---- DATA FOR REVIEW
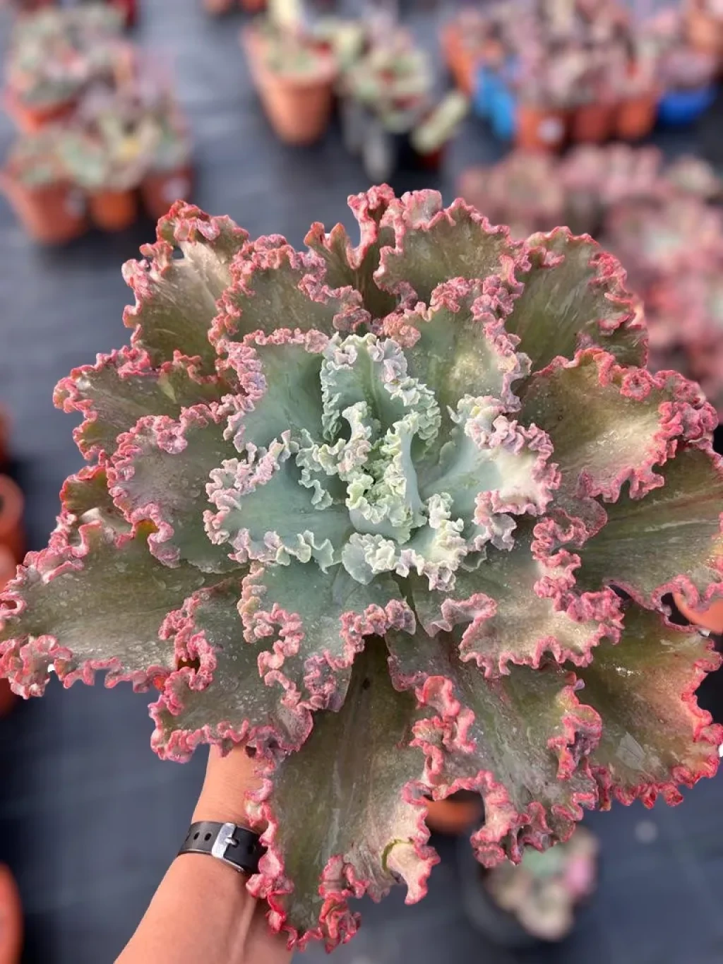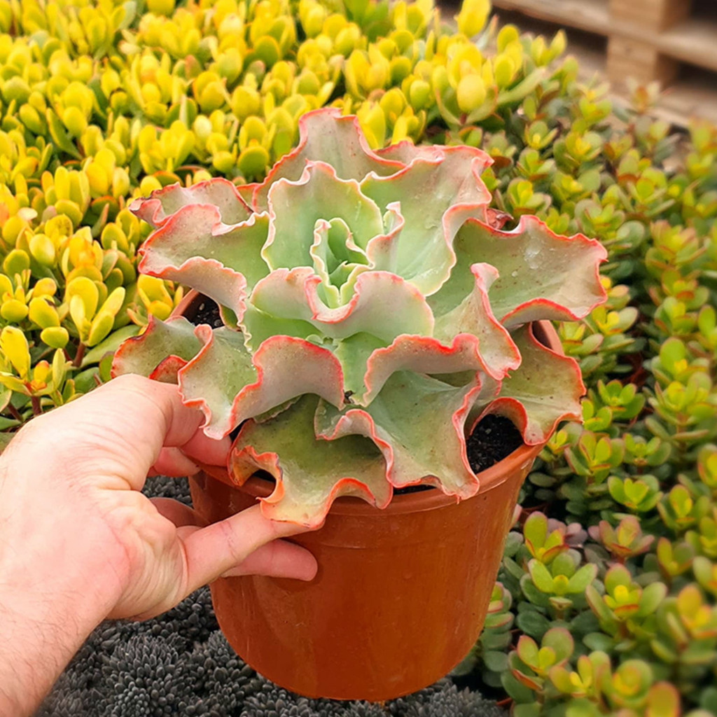 Çoğaltma işlemi yaprak çeliği veya oluşan yan rozetlerin ayrılmasıyla yapılabilir. Yaprakla çoğaltmada kesik yüzey kurutulmalı ve köklendirme sürecinde aşırı nemden kaçınılmalıdır. Yavru rozetler yeterli büyüklüğe ulaştığında ayrılarak yeni saksılara alınabilir. Gübreleme yalnızca ilkbaharda ve düşük dozda uygulanmalıdır. Sukulentlere uygun dengeli içerikli besinler tercih edilmelidir. Aşırı azotlu uygulamalar yaprak dokusunun yumuşamasına ve form kaybına yol açabilir. Kontrollü besleme, iri rozet gelişimini ve kenar kıvrımlarının belirginliğini destekler.
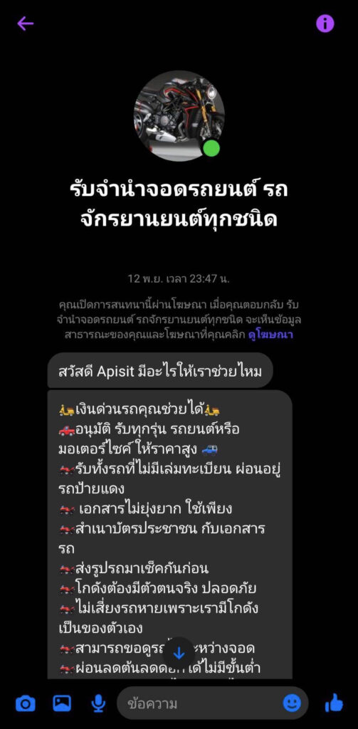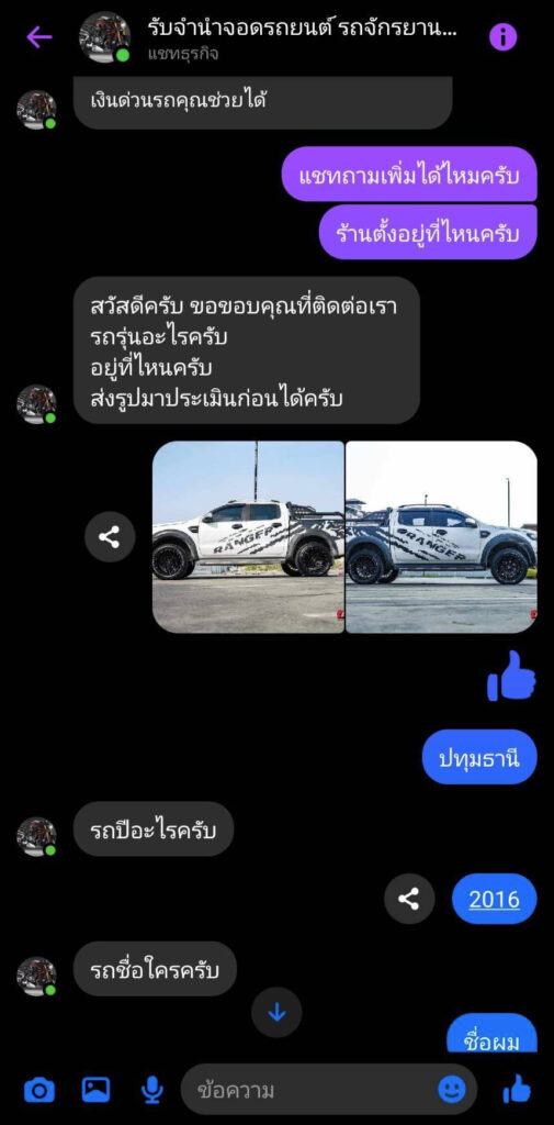 กระทั่งเมื่อวันที่ 26 พฤศจิกายน 2567 เพจได้ล่อลวงให้ผู้เสียหายนำรถมาจำนำในราคา 80,000 บาท โดยนัดหมายส่งมอบรถบริเวณหน้าร้านสะดวกซื้อแห่งหนึ่งในพื้นที่ อ.เมือง จ.ปทุมธานี ตนจึงนำรถกระบะฟอร์ดเรนเจอร์สีขาว ซึ่งซื้อมาในมูลค่าประมาณ 800,000 บาทมาจำนำ เมื่อถึงวันนัดส่งมอบรถ มีผู้ต้องหา 2 คนมาทำหน้าที่รับรถและมอบเงินสดให้กับผู้เสียหายจำนวน 71,000 บาท โดยอ้างว่าอีก 9,000 บาทหักเป็นค่าดอกเบี้ยและค่าจอดรถ
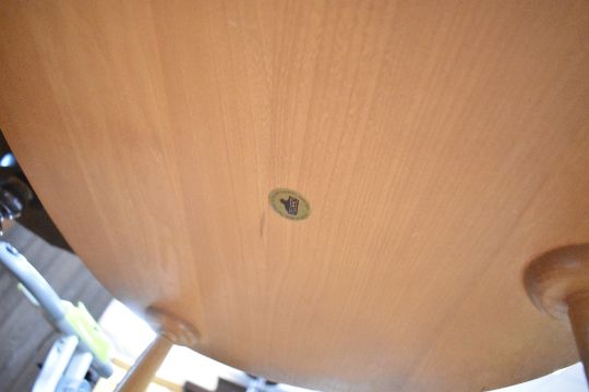 A nest of three Ercol pebble style tables, width approx. 65cm, badge to underside of large table
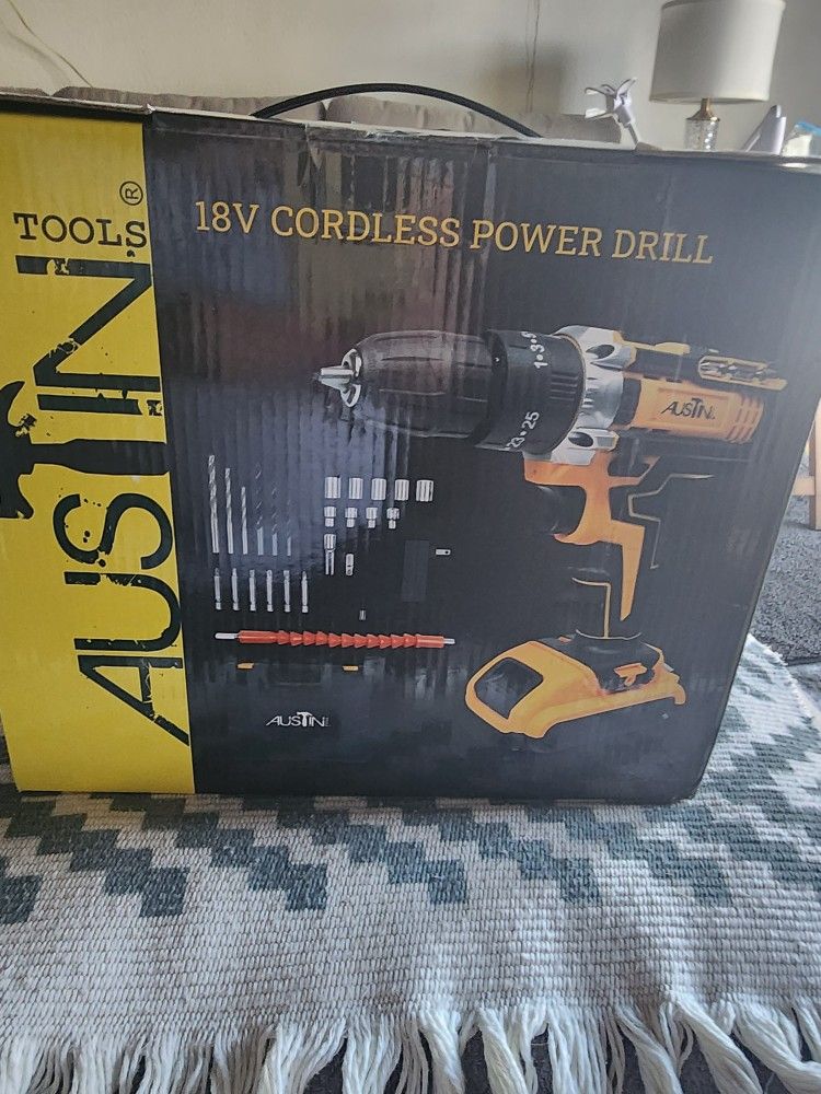 18V Cordless Power Drill by Austin Tools includes battery n socket pieces See details on box
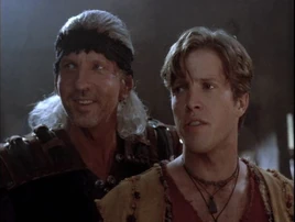 The bandits say they work for Karis and he warns Deon about the company he keeps. Karis says it is a misunderstanding, but Hercules says "slippery people eventually slip up." When Hercules leaves, Karis says they will soon have their "very own son of a god."
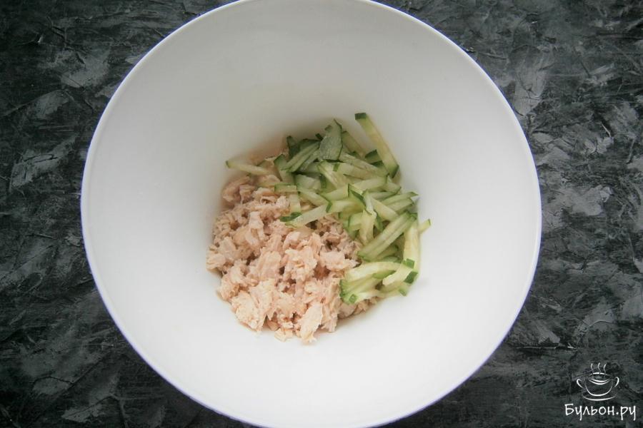 1. Предварительно сваренное и остуженное куриное филе порезать небольшими кусочками, добавить порезанный соломкой зеленый свежий огурчик.
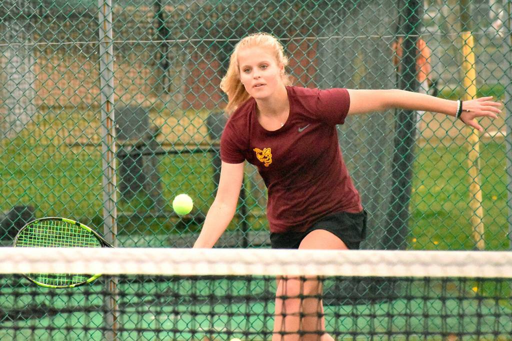 Playing in the toughest doubles slot, facing everyone’s No. 1 pair, are Enumclaw’s Sydney Scribner and Jasmine Dumontet. Despite the competition, they have managed a 5-3 record thus far.
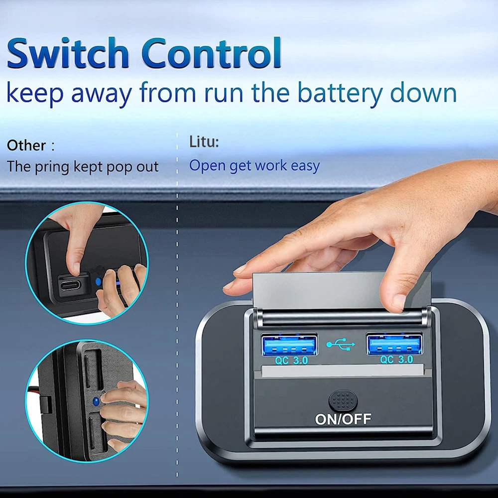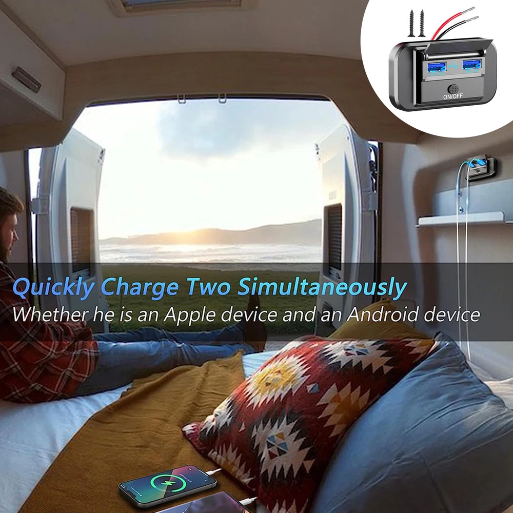 12V-24V Dual USB QC3.0 Car Boat RV Fast Charger Socket Power Outlet Bullet Points: Revolutionary USB Charging: Providing seamless and effortless charging for your RV, this outlet utilizes intelligent identification and 66W super fast charging, supporting QC3.0 and PD3.0 for the precise 3A/2A/1.5A current or 5V/9V/12V voltage your devices need. Advanced Charging Performance: Our RV USB Outlet allows for simultaneous charging of 2 devices with high-speed QC3.0 and PD3.0 ports, providing a cutting-edge power solution that boosts charging efficiency to new heights. Unmatched Security Features: Enjoy a worry-free charging experience with our RV USB Outlet equipped with 6 safety protection layers, preventing overload, current fluctuations, short-circuiting, overheating, overcharging, and voltage surges while providing stable and safe power supply. Effortless Installation: Create an opening with a hole opener. Seamlessly integrate this RV USB Outlet into your vehicle and then secure with the threaded fixing ring. Connect the black wire to the negative pole, attach the red wire to the positive pole. Widely Applied Convenience: Seamlessly power up devices with this RV USB Outlet, ideal for a range of vehicles from SUVs to boats, ensuring connectivity for all your journeys. Description: Experience super fast charging with our RV USB Outlet 12V Wall Mount. Equipped with QC3.0 and PD3.0 charging ports and over-current protection, this product is perfect for motorcycles. Specification: Product name: USB fast charging QC+PD+QC fast charging without opening holes Input: 12-24V Output: QC3.0+PD3.0+PD3.0 (QC3.0: 5V/3A, 9V/3A, 12V/2.5A) (PD3.0: 5V/3A, 9V/3A, 12V/3A with PPS) Reverse connection protection: This product has reverse connection protection Product wire length: with 0.13m wire Input voltage: independent fast charging, 66W Packing List: 1 x RV USB Outlet Notes: 1. Due to the different monitor and light effects, the actual color of the item might be slightly different from the color which is showed in the pictures. 2. Please forgive a slight measuring deviation due to manual measurement. 1.You can make a Credit payment via Paypal.Paypal will let you use MasterCard,Visa to pay. 2.Payment should be completed within 5 days after auction closed, or unpaid dispute will be filed for an closing auction.An unpaid case will be filled after 4 days. ● We strive for 100% customer satisfaction ! ● Positive Feedback is very important to us. ● We hope that you contact us immediately BEFORE you give us neutral or negative feedback, so that we can satisfactorily address your concerns. ● We promise to offer the lowest price and high quality produce. Dear buyers : ● Welcome to my store ! ● Your satisfaction is our top goal,we appreciate your patronizing. ● If you have any questions, please contact us before leave negative or neutral feedback, we will try our best to solve the issue to your satisfaction, thanks ! ● If you are satisfied with our service, please rate the details of the transaction (Detailed Seller Ratings) on eBay. ● Please always talk to us via ebay Message. ● We appreciate your business and look forward to growing our e-Bay sales with satisfied customers.
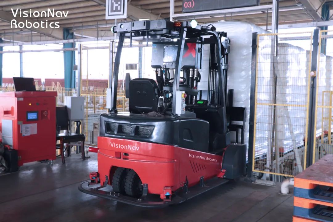 遇到室內(nèi)外復(fù)雜場景時(shí),VNE20無人叉車通過配置3D激光混合視覺導(dǎo)航SLAM,提取環(huán)境圖像信息,同步定位并創(chuàng)建自然特征地圖,精準(zhǔn)識(shí)別地面路況,如地面溝坎,凹凸不平的貨車車廂地板等;同時(shí)結(jié)合智能算法與仿真建模計(jì)算,沉淀項(xiàng)目數(shù)據(jù),從無人叉車行駛速度,加速度,貨叉舉升高度等方面進(jìn)行不斷調(diào)整優(yōu)化,最終得出裝車效率與安全雙優(yōu)方案,解決項(xiàng)目現(xiàn)場的復(fù)雜環(huán)境難題。
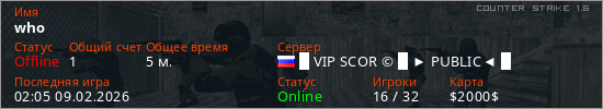 Играет на Counter Strike 1.6 сервере. Страна: РоссияПервый раз замечен 02:03 09.02.2026
--------
▶ [WORK ITEM]: Once the line with "18V Cordless Power" is found above, print it and every line after it through the line with "Playing in the", exactly. Pictures stay out.

▶ [ANSWER BOX]:
 18V Cordless Power Drill by Austin Tools includes battery n socket pieces See details on box
 The bandits say they work for Karis and he warns Deon about the company he keeps. Karis says it is a misunderstanding, but Hercules says "slippery people eventually slip up." When Hercules leaves, Karis says they will soon have their "very own son of a god."
 1. Предварительно сваренное и остуженное куриное филе порезать небольшими кусочками, добавить порезанный соломкой зеленый свежий огурчик.
 Playing in the toughest doubles slot, facing everyone’s No. 1 pair, are Enumclaw’s Sydney Scribner and Jasmine Dumontet. Despite the competition, they have managed a 5-3 record thus far.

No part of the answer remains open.